In a statement, White House spokesman Scott McClellan said that "our men and women in the military adhere to the highest standards, including when it comes to respecting and protecting religious freedom."

Detainees, human rights groups and some military personnel have complained about desecration of the Koran at Guantanamo Bay. Tom Wilner, an attorney for 11 Kuwaiti nationals being held at the prison, said yesterday that the number and persistence of reports of Koran abuse from detainees indicate a much broader problem than indicated by the Hood inquiry.

"It's sort of amazing today that we define truth as only when the government confirms something happened," Wilner said. "I think there is no question that, especially in the early days of Guantanamo, there was a persistent pattern of physical abuse and religious discrimination, including desecration of the Koran. . . . But it hasn't been fully looked at."

Investigators were specifically looking into allegations that U.S. personnel had flushed a Koran down a toilet at Guantanamo Bay. Newsweek reported in early May that such an allegation had been confirmed, setting off riots in Muslim nations that left 16 people dead, but then retracted the story. Hood's inquiry determined that no such incident took place.

The probe did find, however, that rumors of such an event swirled around the facility in the summer of 2002 after a detainee dropped his Koran on the floor and other detainees blamed the mishandling on U.S. guards. The story, according to a U.S. Southern Command news release, changed as detainees passed it along, escalating to rumors that U.S. troops ripped pages out of the book and then flushed it.

But the investigation's results also are contrary to a recent claim by a top Pentagon spokesman that there were no credible accounts of Korans being mishandled -- though he added that officials would nevertheless conduct an investigation.

The first case, in February 2002, arose when a detainee complained that guards at Camp X-Ray kicked the Koran of a detainee in a neighboring cell.
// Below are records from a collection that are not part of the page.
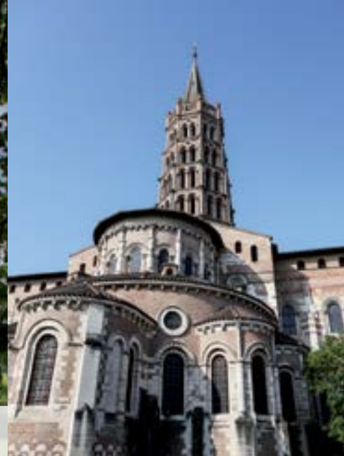
La basilique Saint-Sernin.
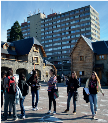
Imagen N° 6. Bariloche Center.
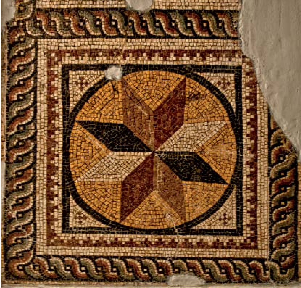
GEOMETRİK DESEN MOZAIĞI: M.S. V. asırda
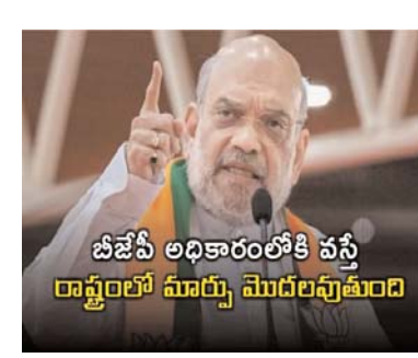
బీజేపీ అధికారంలోకి వస్తే రాష్ట్రంలో మార్పు మొదలవుతుంది

పశ్చిమ బెంగాల్ లో ఒక్కసారి బీజేపీ అధికారంలోకి వస్తే రాష్ట్రంలో మార్పు మొదలవుతుందని కేంద్రమంత్రి అమిత్ షా అన్నారు. అసోంలోని బరాక్ లోయలో జరిగిన ఎన్నికల ప్రచార సభలో ఆయన మాట్లాడుతూ, పశ్చిమ బెంగాల్ లో అభివృద్ధి జరగాలన్నా, అక్రమ చౌరబాటుదారులను తరిమికొట్టాలన్నా అది బీజేపీకి సాధ్యమని అన్నారు. అసోంలోని బరాక్ ప్రాంతంలో బెంగాలీలు ఎక్కువగా ఉంటారు. దీనితో ఆయన ఇక్కడ చౌరబాటుల అంశాన్ని ప్రస్తావించారు. పౌరసత్వ చట్టసవరణ ప్రకారం గూఢచర్యం చేసే వ్యక్తులకు దేశంలో స్థానం లేదని అన్నారు. కానీ ఈ చట్టాన్ని కాంగ్రెస్ వ్యతిరేకిస్తోందని ఆగ్రహం వ్యక్తం చేశారు. రెడ్ కాపర్స్ వేసి మరీ అక్రమ చౌరబాటుదారులకు ప్రవేశం కల్పిస్తోందని విమర్శించారు. అక్రమ చౌరబాటుదారులకు ఆశ్రయమిచ్చేందుకు భారత్ ఏమీ ధర్మసత్రం కాదని వ్యాఖ్యానించారు. బెంగాల్ లో బీజేపీకి అధికారం ఇస్తే మార్పు చేసి చూపిస్తామని హామీ ఇచ్చారు. బెంగాల్ లో ఇప్పటికే తిప్పవేసిన చౌరబాటుదారులను వారి దేశానికి తరిమికొడతామని హెచ్చరించారు. కాంగ్రెస్ నాయకులకు అసలు ప్రజల కష్టాలు తెలుసుకోవాలనే ఉద్దేశం ఉందని విమర్శించారు. రాహుల్ గాంధీ నిరసనకారులను కూడా ప్రశంసిస్తారని ఎద్దేవా చేశారు. అస్సామ్, బెంగాలీలను సంప్రదాయ భాషలుగా ప్రకటించేందుకు మోదీ ఆలోచన చేస్తున్నారని తెలిపారు.

Though interrogators and guards noted the incident at the time, there was no further investigation.

In another case, in August 2003, two detainees complained to their guards that a number of Korans were wet "because the night shift guards had thrown water balloons on the block." No further details of the incident were provided, but Hood's team determined the complaints to be credible and found "no evidence that the incident, although clearly inappropriate, caused any type of disturbance on the block."

Other confirmed reports included a two-word obscenity being written in the inside cover of a Koran, though investigators were unable to determine who wrote the phrase and concluded it was possible that the complaining detainee -- who was conversant in English -- may have defaced his own book. Another report, in July 2003, detailed an incident in which a contract interrogator stood on a detainee's Koran during an interrogation. The interrogator was fired for a "pattern of unacceptable behavior, an inability to follow direct guidance and poor leadership," according to the news release yesterday.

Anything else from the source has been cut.